The problem:
The records that follow must be reproduced in full, with every picture excluded.

(Items from a dataset)
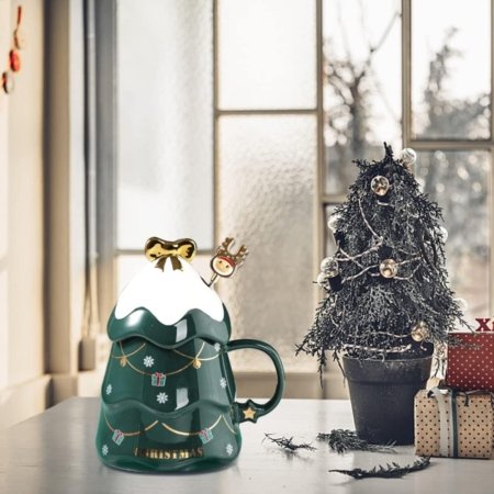 Taza Navidad Arbol Nevado con Tapa y Cuchara
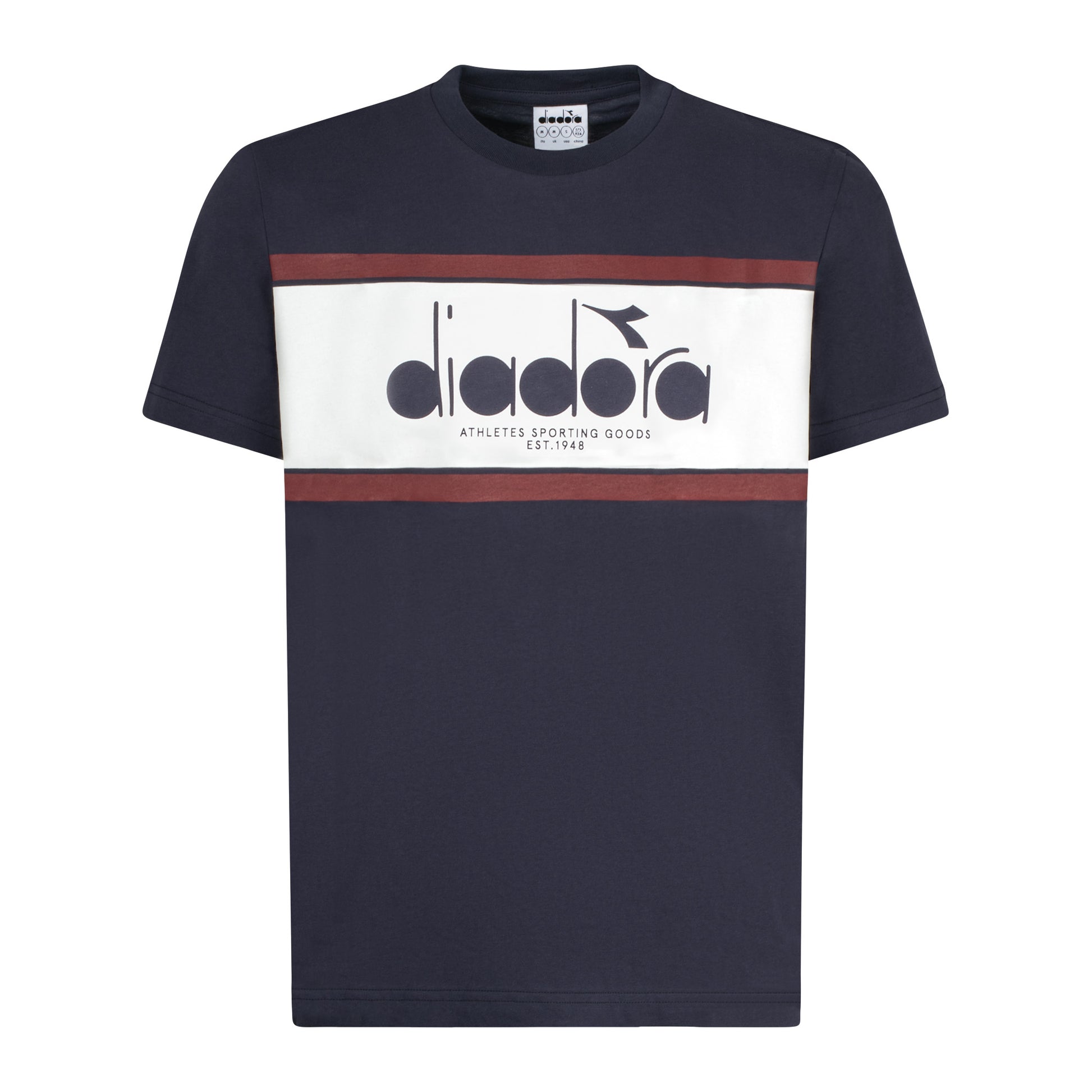 The Stripe logo T-Shirt in Navy & White by Diadora is available for purchase here at Urban Menswear.
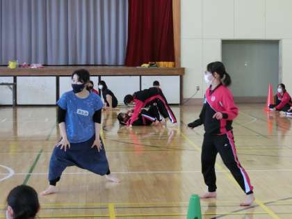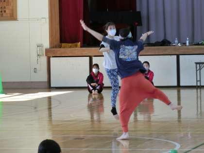 2年生も本日ゲストティーチャーを招いてダンスの授業を行いました。今日のテーマは「アイコンタクトダンス」です。ゲストティーチャーのパフォーマンスのあと、2人1組になって、アイコンタクトを通して互いの意思を確認しながらダンスを演じました。
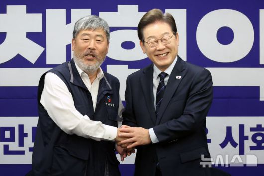 [서울=뉴시스] 조성우 기자 = 이재명 더불어민주당 대선후보가 1일 오후 서울 중구 한국프레스센터에서 열린 한국노총 정책협약식에서 김동명 한국노총 위원장과 기념촬영을 하고 있다. 2025.05.01. xconfind@newsis.com |
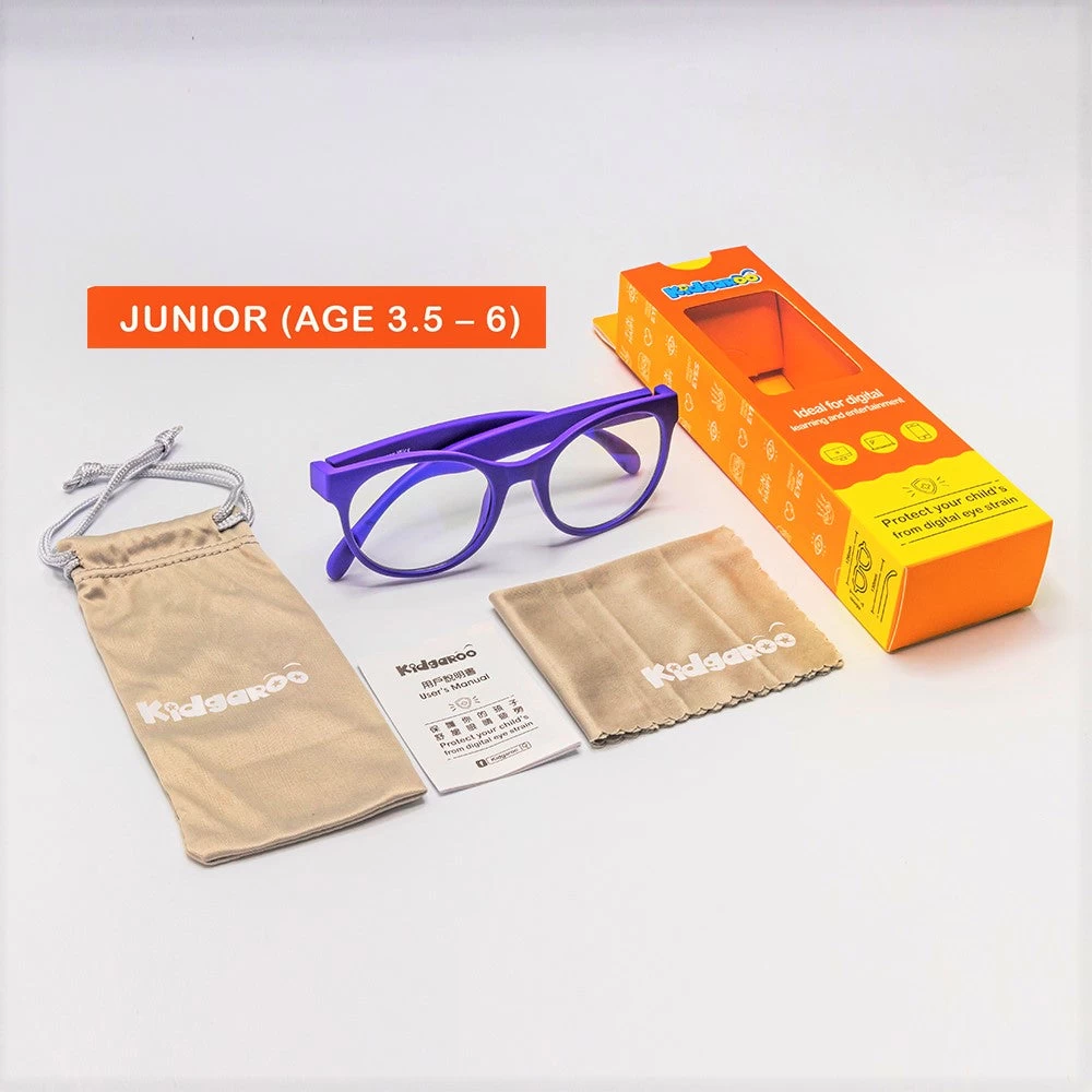 Glasses come in 2 sizes suitable for kids at 3.5-6 years (Junior) & 6-10 years (Teen).
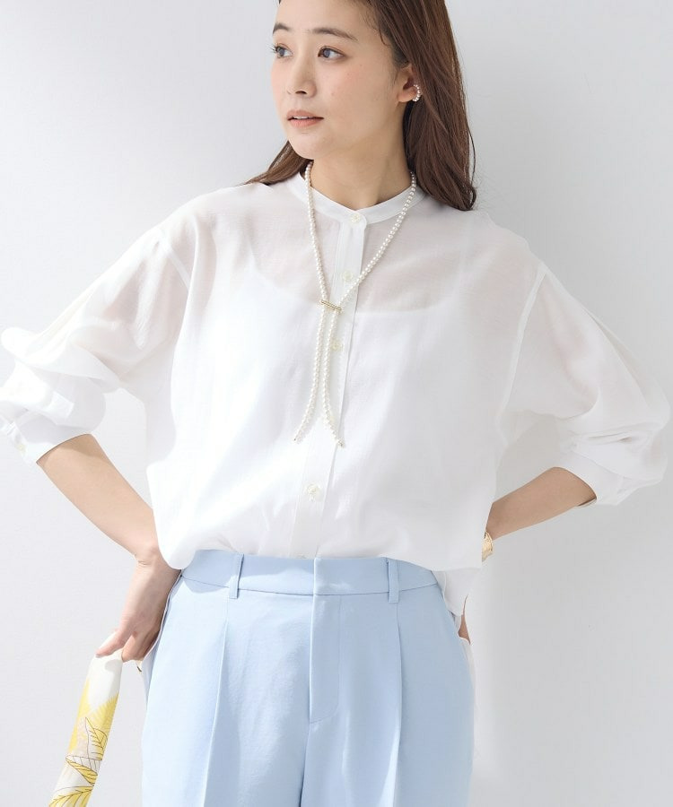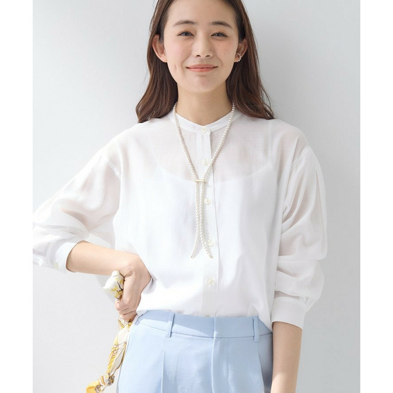 デニムやテーパードパンツで程よくカジュアルダウンしつつ、繊細な透け感でキレイめカジュアルなスタイルにしてくれます。
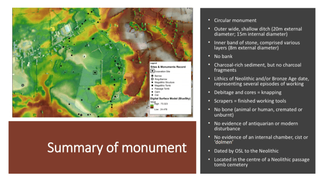 Outcomes: The excavation concluded after two weeks and the research has moved in to the post-excavation phase. An OSL-derived Middle Neolithic date for the monument indicates that it is contemporary with the Carrowmore cemetery complex.
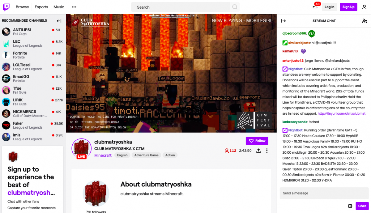 Schließlich nehme ich die Abkürzung zum Dancefloor und wechsel zum Kanal von Club Matryoshka auf der Live-Streaming-Plattform Twitch. Da gibt es die ungehinderte Sicht auf den jeweiligen DJ-Avatar, der eine ziemliche elektronische Bandbreite von Gabber bis Noise abdeckt, und den Dancefloor mit darauf hopsenden Avataren. Zudem gibt es mehr Interaktionsmöglichkeiten, jeder darf in einem Chatfenster kommentieren. Denn das ist das eigentlich andere am virtuellen Club: Die Kommunikation findet auf mehreren Kanälen und Ebenen zeitgleich statt, das Visuelle auf und vor der Bühne ist nur ein Teil der Gesamtinteraktion. Sowohl in Minecraft als auch auf Twitch gibt es ein Chatfenster, ein Großteil geschieht auch noch über die verschiedenen Kanäle auf Discord. Während das Audio der DJ-Sets im Stream abläuft, kann dort jede*r User*in mit den Künstler*innen chatten, sich bedanken oder auch nach den jeweiligen Tracks fragen. Gespendet werden für die Künstler*innen darf natürlich auch – entsprechende Hinweise erscheinen immer wieder in jedem ChatFeed. Im nächsten Kanal können sich die User*innen austauschen, technische Hilfe gibt es wiederum von den Macher*innen in einem dritten Kanal – auch als Sprachnachricht, wenn es sein muss. Da ploppen viele Fenster auf meinem Laptop auf, überall gibt es etwas zu sehen oder mitzulesen. Es ist ein lustiges, buntes Durcheinander und fast wie in einer Gruppe im realen Club, in der jede*r auf den anderen einredet. Nur hier steht der/die Künstler*in auch wirklich daneben und wird ins Gespräch einbezogen. Und neben all den Chatfenstern toben auch noch die Avatare vor der Bühne im Stream, als wären sie eine wilde Menschenmenge in einem Musikvideo.
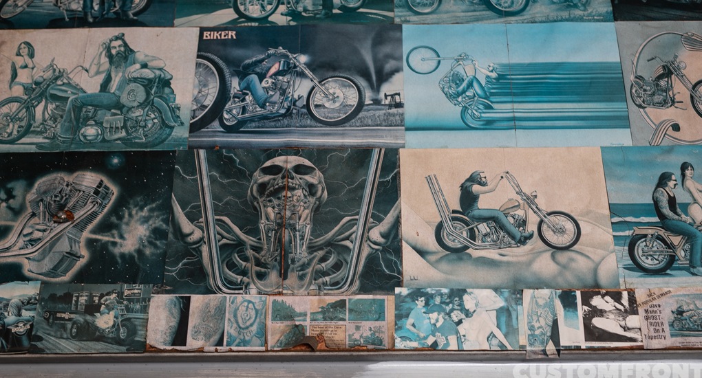 まず、パーツ屋さんがない。それでバイク乗りの友達が何人かいる、仙台でもね。でそいつらと走るようになってある日一人が雑誌、これだよ、この『イージーライダース』の切り出しだったり『インザウインド』だったり、なんか薄っぺらなアメリカの本あったじゃん。あれを見て衝撃を受けたね。そっからだよ俺は。仕事しながら自分でいじりまわすわけだ。

Output:
 Taza Navidad Arbol Nevado con Tapa y Cuchara
 The Stripe logo T-Shirt in Navy & White by Diadora is available for purchase here at Urban Menswear.
 2年生も本日ゲストティーチャーを招いてダンスの授業を行いました。今日のテーマは「アイコンタクトダンス」です。ゲストティーチャーのパフォーマンスのあと、2人1組になって、アイコンタクトを通して互いの意思を確認しながらダンスを演じました。
 [서울=뉴시스] 조성우 기자 = 이재명 더불어민주당 대선후보가 1일 오후 서울 중구 한국프레스센터에서 열린 한국노총 정책협약식에서 김동명 한국노총 위원장과 기념촬영을 하고 있다. 2025.05.01. xconfind@newsis.com |
 Glasses come in 2 sizes suitable for kids at 3.5-6 years (Junior) & 6-10 years (Teen).
 デニムやテーパードパンツで程よくカジュアルダウンしつつ、繊細な透け感でキレイめカジュアルなスタイルにしてくれます。
 Outcomes: The excavation concluded after two weeks and the research has moved in to the post-excavation phase. An OSL-derived Middle Neolithic date for the monument indicates that it is contemporary with the Carrowmore cemetery complex.
 Schließlich nehme ich die Abkürzung zum Dancefloor und wechsel zum Kanal von Club Matryoshka auf der Live-Streaming-Plattform Twitch. Da gibt es die ungehinderte Sicht auf den jeweiligen DJ-Avatar, der eine ziemliche elektronische Bandbreite von Gabber bis Noise abdeckt, und den Dancefloor mit darauf hopsenden Avataren. Zudem gibt es mehr Interaktionsmöglichkeiten, jeder darf in einem Chatfenster kommentieren. Denn das ist das eigentlich andere am virtuellen Club: Die Kommunikation findet auf mehreren Kanälen und Ebenen zeitgleich statt, das Visuelle auf und vor der Bühne ist nur ein Teil der Gesamtinteraktion. Sowohl in Minecraft als auch auf Twitch gibt es ein Chatfenster, ein Großteil geschieht auch noch über die verschiedenen Kanäle auf Discord. Während das Audio der DJ-Sets im Stream abläuft, kann dort jede*r User*in mit den Künstler*innen chatten, sich bedanken oder auch nach den jeweiligen Tracks fragen. Gespendet werden für die Künstler*innen darf natürlich auch – entsprechende Hinweise erscheinen immer wieder in jedem ChatFeed. Im nächsten Kanal können sich die User*innen austauschen, technische Hilfe gibt es wiederum von den Macher*innen in einem dritten Kanal – auch als Sprachnachricht, wenn es sein muss. Da ploppen viele Fenster auf meinem Laptop auf, überall gibt es etwas zu sehen oder mitzulesen. Es ist ein lustiges, buntes Durcheinander und fast wie in einer Gruppe im realen Club, in der jede*r auf den anderen einredet. Nur hier steht der/die Künstler*in auch wirklich daneben und wird ins Gespräch einbezogen. Und neben all den Chatfenstern toben auch noch die Avatare vor der Bühne im Stream, als wären sie eine wilde Menschenmenge in einem Musikvideo.
 まず、パーツ屋さんがない。それでバイク乗りの友達が何人かいる、仙台でもね。でそいつらと走るようになってある日一人が雑誌、これだよ、この『イージーライダース』の切り出しだったり『インザウインド』だったり、なんか薄っぺらなアメリカの本あったじゃん。あれを見て衝撃を受けたね。そっからだよ俺は。仕事しながら自分でいじりまわすわけだ。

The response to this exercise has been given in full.